The first of these was didactic poetry. His poem “On Music,”—a subject which he chose from his considerable proficiency in that art,—appeared in 1780, and was soon favorably known, not only at home, but in Italy and France. It consists of five books, in which he discusses with philosophical precision the elements of music; musical expression of different kinds, but especially martial and sacred; the music of the theatre; that of society; and that of man in solitude. The poem is written in the free, national silva, irregular, but flowing, and no want of skill is shown in its management. But, as a whole, it has too little richness and vigor to give life to the cold forms of instruction, in which it is throughout rigorously cast.[347]
The other department, in which Yriarte was more successful, was that of fables.

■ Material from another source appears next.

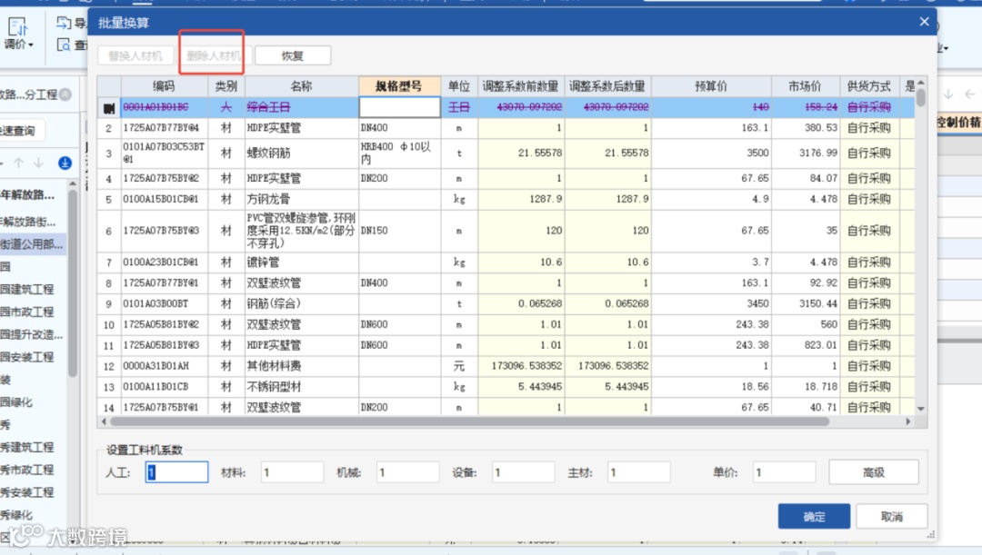 人材机支持单条/批量右键删除,删除后对应定额下人材机删除,确定后,不保存时,可批量撤销换算;保存后,也可指定范围右键取消换算

Here he, in some degree, struck out a new path; for he not only invented all his fictions, which no other fabulist in modern times had done, but restricted them all, in their moral purpose, to the correction of the faults and follies of men of learning,—an application which had not before been thought of. Their whole number, including a few that are posthumous, is nearly eighty, above sixty of which appeared in 1782. They are written with great care, in no less than forty different measures, and show an extraordinary degree of ingenuity in adapting the attributes and instincts of animals to the instruction, not of mankind at large, as had always been done before, but to that of a separate and small class, between whom and the inferior creation the resemblance is rarely obvious. The task was certainly a difficult one. Perhaps, on this account, they are too narrative in their structure, and fail somewhat in the genial spirit which distinguishes Æsop and La Fontaine, the greatest masters of Apologue and Fable. But their influence was so much needed in the age of bad writing when they appeared, and they are besides so graceful in their versification, that they were not only received with great favor at first, but have never lost it since. Their author’s reputation, in fact, now rests on them almost exclusively.[348]
Yriarte, however, had a rival, who shared these honors with him, and in some respects obtained them even earlier. This was Samaniego, a Biscayan gentleman of rank and fortune, who was born in 1745, and died in 1801; having devoted his life, in the most disinterested manner, to the welfare of his native province. He was one of the earliest and most active members of the first of those societies sometimes called “Friends of the Country,” and sometimes “Societies for Public Improvement,” which began in the reign of Charles the Third, and soon spread through Spain, exercising an important influence on the education and public economy of the kingdom, and laboring to raise the arts of life from the degraded condition into which they had fallen during the latter period of the dominion of the House of Austria.
The Biscayan Society, founded in 1765, devoted itself much to the education of the people; and, to favor this great cause, Samaniego undertook to write fables suited to the capacity of the children taught in the Society’s seminary. How early he began to prepare them is not known; but in the first portion, published in 1781, and therefore one year before those of Yriarte appeared, he speaks of Yriarte as his model, and leaves no doubt that the fables of that poet had been seen by him. The second part of Samaniego’s collection was published in 1784, when that of his rival had been admired by the public long enough to change the relations of the two authors, and bring up a quarrel of pamphlets between them, little creditable to either. Both parts, taken together, contain a hundred and fifty-seven fables, the last nineteen of which and a few others are original, while the rest are taken, partly from Æsop, Phædrus, and the Oriental fabulists, but chiefly from La Fontaine and Gay. They succeeded at once. The children learned them by heart, and the teachers of the children found in them subjects for pleasant reading and reflection. They were, no doubt, less carefully written than the fables of Yriarte, less original and less exactly adapted to their purpose; but they were more free-hearted, more natural, and adapted to a larger class of readers; in short, there is a more easy poetical genius about them, and therefore, even if they cannot claim a higher merit than those of Yriarte, they have taken a stronger hold on the national regard.[349]
The best of them are the shortest and simplest, like the following, entitled “The Scrupulous Cats,” which was well suited to the time when it appeared, and can hardly be amiss at any other.
Two cats, old Tortoise-back and Kate,
Once from its spit a capon ate.
It was a giddy thing, be sure,
And one they could not hide or cure.